The money gained from 'T'he Louisiana Refund' is expected to be immediately pumped into the rebuilding of Iraq.

Wonder how the rest of the country is feeling now that they're getting to know Louisiana a little better. I'm telling you, guys, it's the wackiest place I've ever lived, but I really loved it.

September 9, 2005

Fulfilling the tag

Genevieve tagged me awhile ago. I haven't forgotten. I've been sort of un-bloggy lately, but with life quieting down around me will probably become more bloggy.

Here goes:

10 years ago. Let's see, I was 17, entering my last year of high school, which was probably my best (rivaling 10th grade, probably). I was living with Mrs. Belz and two sisters from Ethiopia, who were so fun and nice. I enjoyed being a senior. It was like the fulfillment of all my BigSister-dom at the high school level. I embraced all the leadership opportunities given to me. I was probably more "cool" that year than other preceding year. At least I had found a niche.

5 years ago. If this is 2005, than five years ago was 2000, so I was just entering my last year of college. Yea, because I did five years of college. Also feeling seniorly. Obsessing about my SIP (that is, thesis), which was like my magnum opus at the time. Dating Chris--we got engaged Christmas 2000. I was playing cello a lot in school, gigging, and teaching. I haven't really played much since. Aaah. Being a senior is nice.

1 year ago. Um, entering my last year of coursework for grad school. Do we see a pattern here!? Commuting to Baton Rouge from NOLA (85 mi each way) 3 days a week. It was ETERNAL SUMMER and my air conditioner was dying. We evacuated for inconsequential (to us) Hurricane Ivan. I was just starting to teach my first class of my very own as an adjunct at a local university. In a short time, I would find out that I was pregnant. (or just read the archive)

Yesterday. Got up, took Chris to school, put boy down for nap, breakfasted/showered, wrote a bazillion emails trying to organize grad student stuff for upcoming national meeting of my professional organization, took care of boy, lunched somewhere in there, got out some files, took boy to school to pick up Chris early so that we could take a walk along the trail around the duck pond, made dinner, went to Starbucks to study alone, was up a lot at night with boy, but by then it was Today.

5 snacks I enjoy. Popcorn made in a pot over the stove. Mayfield's Moosetracks ice cream (which I can only get in the Southeast!). Watermelon. Chex mix. Cheese and crackers.

5 songs I know all the words to. *sigh* I'm bad at this part, because I'm kind of popculturally illiterate for one thing and for another, I can never understand the lyrics (which is probably why I prefer instrumentals) or can't remember them. So...1. all the songs in Sound of Music counts as one. 2. Bridge over Troubled Water (I know, who doesn't? buy, like I said, I have to scramble on this one). 3. The Spike Jones version of Pagliacci. 4. Faure's Requiem (he does use a standard requiem text, but I can only remember the words if I'm singing along to his particular requiem) (and I know I'm using "songs" quite loosely here). 5. O Come, all ye faithful. (it's my favorite christmas carol).

5 things I'd do with $100 million.
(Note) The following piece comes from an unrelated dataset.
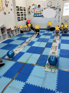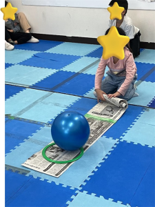 長く繋げた新聞紙の上にボールを置いて、転がっていかないように手繰り寄せるというルールで行いました。
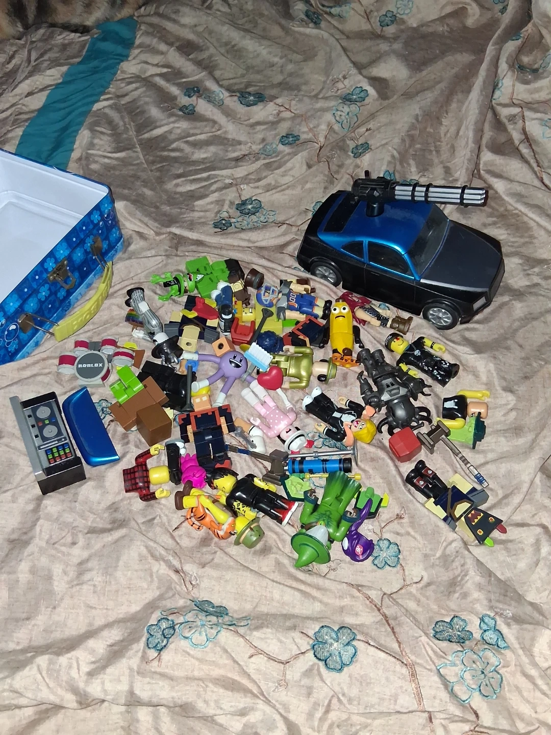 A collection of Roblox action figures and accessories, including a police-style vehicle with mounted gun. It also comes with a tin lunchbox featuring a SpongeBob design. Lots of fun characters and weapons included!

Ha! Pay off my student loans. Let's see, would there be any left over? Well, if there would be, I'd clear oppressive debt of family members (like sibling's student loans), buy a house (one here and one in the south of France). Travel. Endow a chair. Send poor children to good schools. Set up a student travel fund. Support good schools. Support missionaries. Get nice haircuts regularly. Oh yea, and a decent car with power steering and a cd player!

5 places I'd run away to. Did I mention the south of France? And Paris. Venice. Northeast Italy in general, and....um...Bermuda! Actually a lot more places would've made the cut in another life, but now they don't because they're cold. Paris makes the cut, because it can transcend the cold.

5 things I'd never wear. I'm with Genevienve--I will never, ever wear a fanny pack. Puffed sleeves (sorry, Anne). Cowboy boots. A poncho. Sequins.

5 favorite TV shows. This is really difficult, because I just don't watch TV regularly enough to have a favorite TV show. The only way I can come close to answering this one is for blessed Netflix seasons on dvd. So...definitely The Simpsons. Monarch of the Glen (a BBC Scotland show). ....uh...The Cosby Show. Star Trek (TNG) (yea, yea, the inner nerd). Reading Rainbow (haven't really watched this since a kid, but i think it's a great show!).

5 biggest joys. My baby's milky smile. Chris coming in the door after being gone all day. Excellent food and wine. A new piece of music that transfixes me. The changing of the seasons.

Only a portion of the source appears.